Machinery breaks down, it's a fact of life. However, when a dry cleaning machine or a restaurant oven needs to be purchased, updated, or replaced, the costs can be prohibitively expensive, especially for a small business. Equipment loans can step in and provide fast access to what you need to keep your business going.
What Is an Equipment Loan or Equipment Financing?
Equipment loans, also known as equipment financing, are loans used to buy business equipment which are covered by the equipment itself. The amount of the loan itself can vary according to the cost and amount of the equipment needed.
Traditionally, banks would be the best place to obtain an equipment loan, with the most favorable interest rates and terms. However, their strict credit standards can mean that many businesses won't qualify. Online small business lenders have stepped in, to offer alternatives that are much more friendly towards companies that need to acquire equipment fairly quickly, or whose personal and business finances aren't in optimal shape.
No matter the source of the loan, a good tip is to match the term of it to the expected lifespan of your new equipment. A shorter term may find you scrambling to make payments, whereas a longer term can mean that you'll be paying off equipment long after its useful life.
How Do Equipment Loans Work?
Most businesses can qualify for equipment financing, with much less paperwork than a traditional loan. Most lenders will ask for:
- Driver's License
- Voided Business Check
- Bank Statements
- Credit Score
- Business Tax Returns
- Equipment Quote
Once the documents are in the hands of the lender, approval and subsequent funding tends to be quick, within a few business days.
Equipment Loan Costs and Repayment
Both the cost of your loan and interest rate will depend on the value of the equipment, your business’s financial history, and your credit score. Depending on the lender, you can obtain loans of between $2,000 and $2 million. APR rates can vary between six and ninety-nine percent. Be aware that in return for speed and less stringent qualifications, lenders will generally charge more.

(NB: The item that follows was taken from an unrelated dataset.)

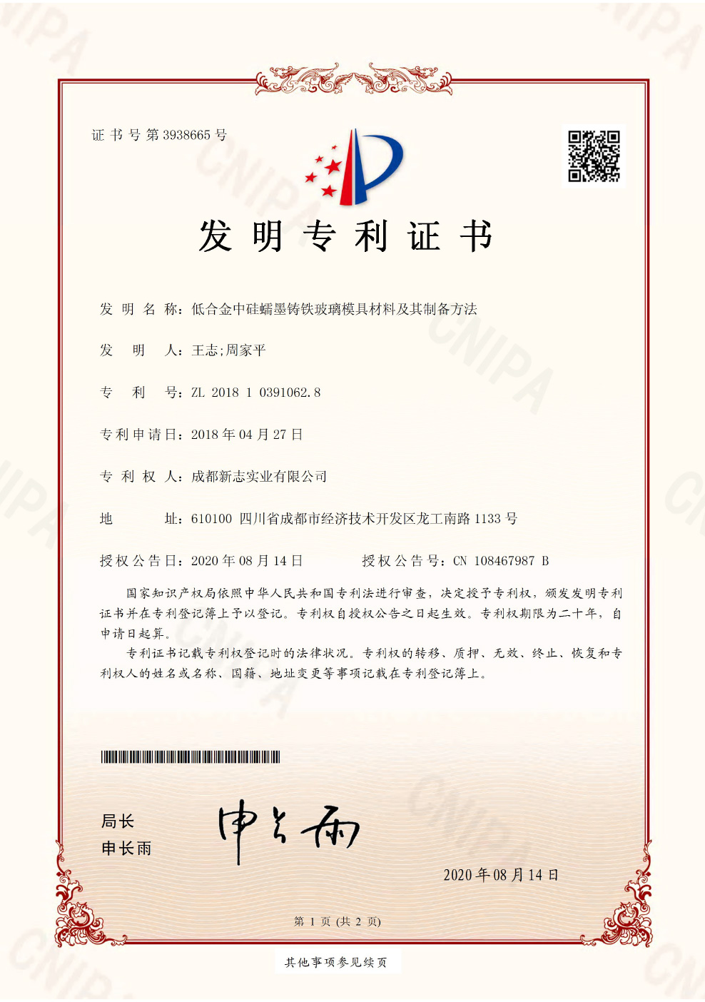 低合金中硅蠕墨铸铁玻璃模具材料及其制备方法

Though some lenders have minimum credit score requirements, (585-650), since the equipment itself acts as collateral for the loan, companies with a less than stellar history or credit rating can still qualify. Most equipment loans are made at fixed interest rates—usually between 8% and 30%—with set term lengths, so you can expect the same payment each and every month.
Another advantage is that they allow companies to finance between 80 and 100 percent of the cost of the equipment, often without a down payment. Additionally, some financing companies offer flexible repayment terms which can help you maximize cashflow, a common issue with small or new businesses. Payments on equipment loans may also be tax-deductible as operating costs, but be sure to verify this with your accountant.
Equipment Loans vs Commercial Equipment Leasing
Another similar option is equipment leasing. Instead of taking out a loan to purchase equipment, you can also choose to lease it. However, this essentially means that you'll be making monthly payments just as with a loan, but must return the equipment once you discontinue payment.
Leasing is usually best left as a temporary, short-term solution, but it can also be a smart move. Consider that a piece of equipment becomes less valuable and productive as it gets older, so leasing it for a limited time may be preferable, if it's particularly vulnerable to wear and tear.
The best way to know which is more convenient for your company is to crunch the numbers for the longterm. If the equipment is essential to the proper functioning of your business, and you foresee using it for a long time, purchasing it is sure to be a more efficient use of your money.
What to Watch out For
Though equipment loans can offer a convenient, easy way to obtain the machinery you need, it's always important to read the fine print. Be sure to ask about defaulting, for instance. If you fail to pay off the loan, but the asset's value has declined since you purchased it, you may owe the lender the difference. Another thing to watch out for is to verify that the only collateral being put up is the equipment itself, and nothing outside it. Finally, if the loan allows you to effect a trade-in for an upgrade, find out what the shortest time period is before this can be done. Some financing companies will penalize you for trading in too early.